What you have to do =
Beginning with the top line of the listing below, give again every line up to and including the line with "Un autorail X"; pictures do not belong in the copy.

Provided data =
━━━━━━━━
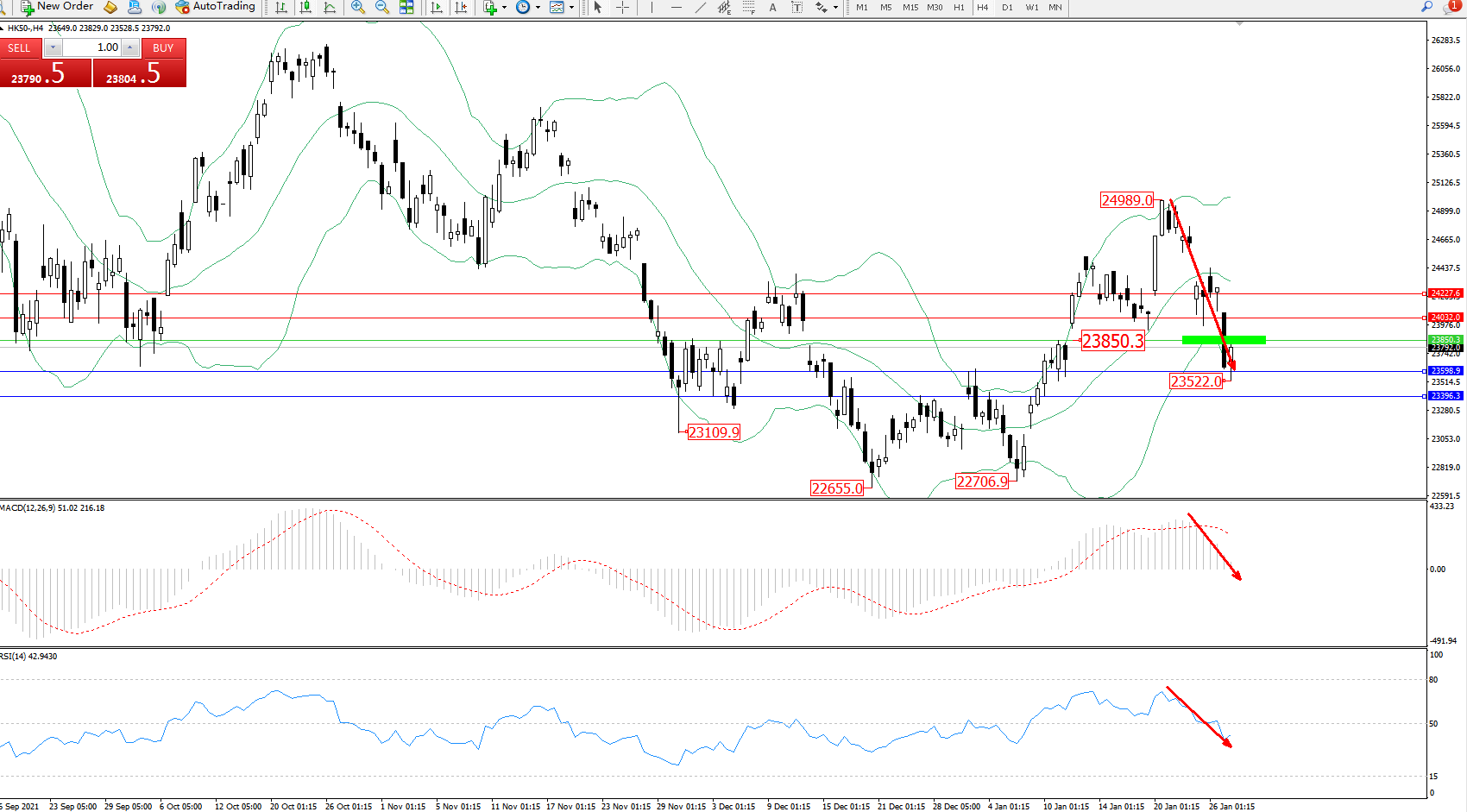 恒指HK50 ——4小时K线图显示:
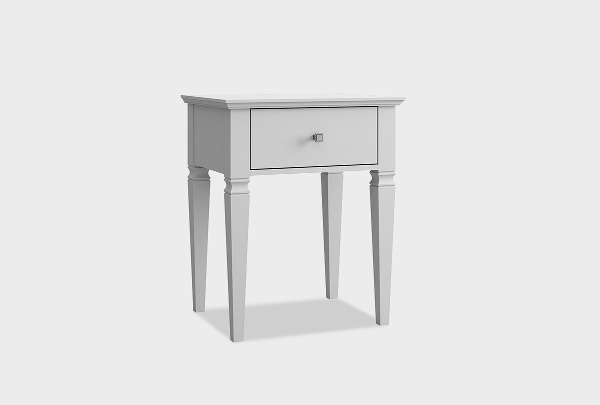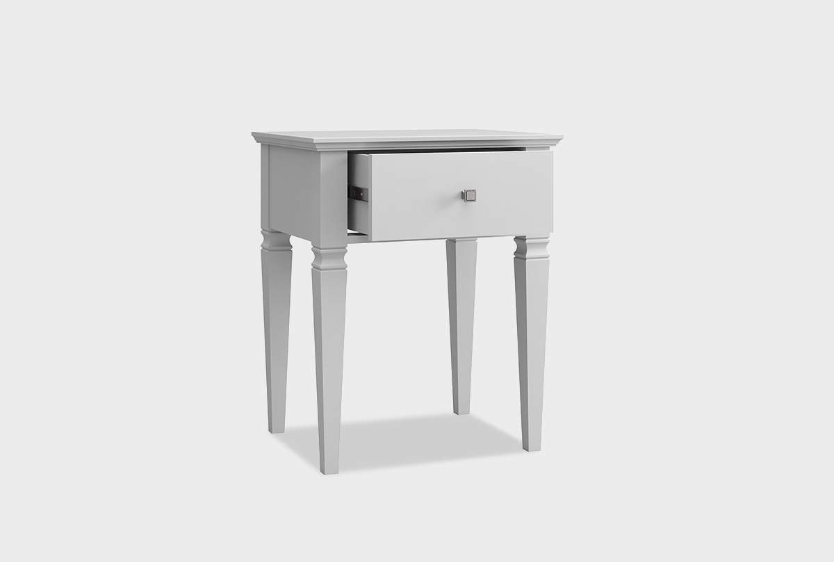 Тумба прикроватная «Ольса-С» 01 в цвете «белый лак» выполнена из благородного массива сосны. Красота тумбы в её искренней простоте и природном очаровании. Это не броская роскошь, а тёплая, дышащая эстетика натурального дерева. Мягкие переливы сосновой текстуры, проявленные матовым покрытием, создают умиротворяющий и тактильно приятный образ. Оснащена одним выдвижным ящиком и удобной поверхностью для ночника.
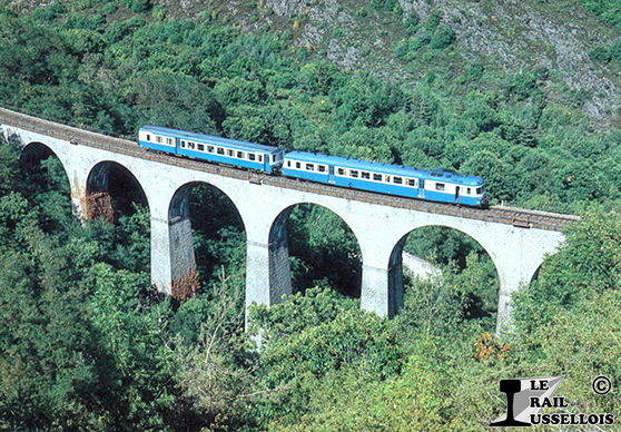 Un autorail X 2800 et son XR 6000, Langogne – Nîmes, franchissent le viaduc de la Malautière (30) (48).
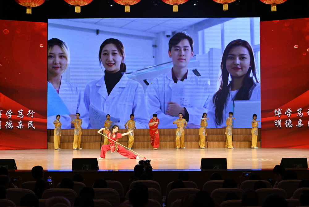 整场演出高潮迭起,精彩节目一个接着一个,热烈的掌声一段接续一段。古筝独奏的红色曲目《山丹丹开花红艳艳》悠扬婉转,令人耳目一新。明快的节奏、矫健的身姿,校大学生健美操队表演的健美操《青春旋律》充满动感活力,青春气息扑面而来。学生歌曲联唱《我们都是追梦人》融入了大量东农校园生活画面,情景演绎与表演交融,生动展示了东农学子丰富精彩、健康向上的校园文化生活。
━━━━━━━━
Task result =
 恒指HK50 ——4小时K线图显示:
 Тумба прикроватная «Ольса-С» 01 в цвете «белый лак» выполнена из благородного массива сосны. Красота тумбы в её искренней простоте и природном очаровании. Это не броская роскошь, а тёплая, дышащая эстетика натурального дерева. Мягкие переливы сосновой текстуры, проявленные матовым покрытием, создают умиротворяющий и тактильно приятный образ. Оснащена одним выдвижным ящиком и удобной поверхностью для ночника.
 Un autorail X 2800 et son XR 6000, Langogne – Nîmes, franchissent le viaduc de la Malautière (30) (48).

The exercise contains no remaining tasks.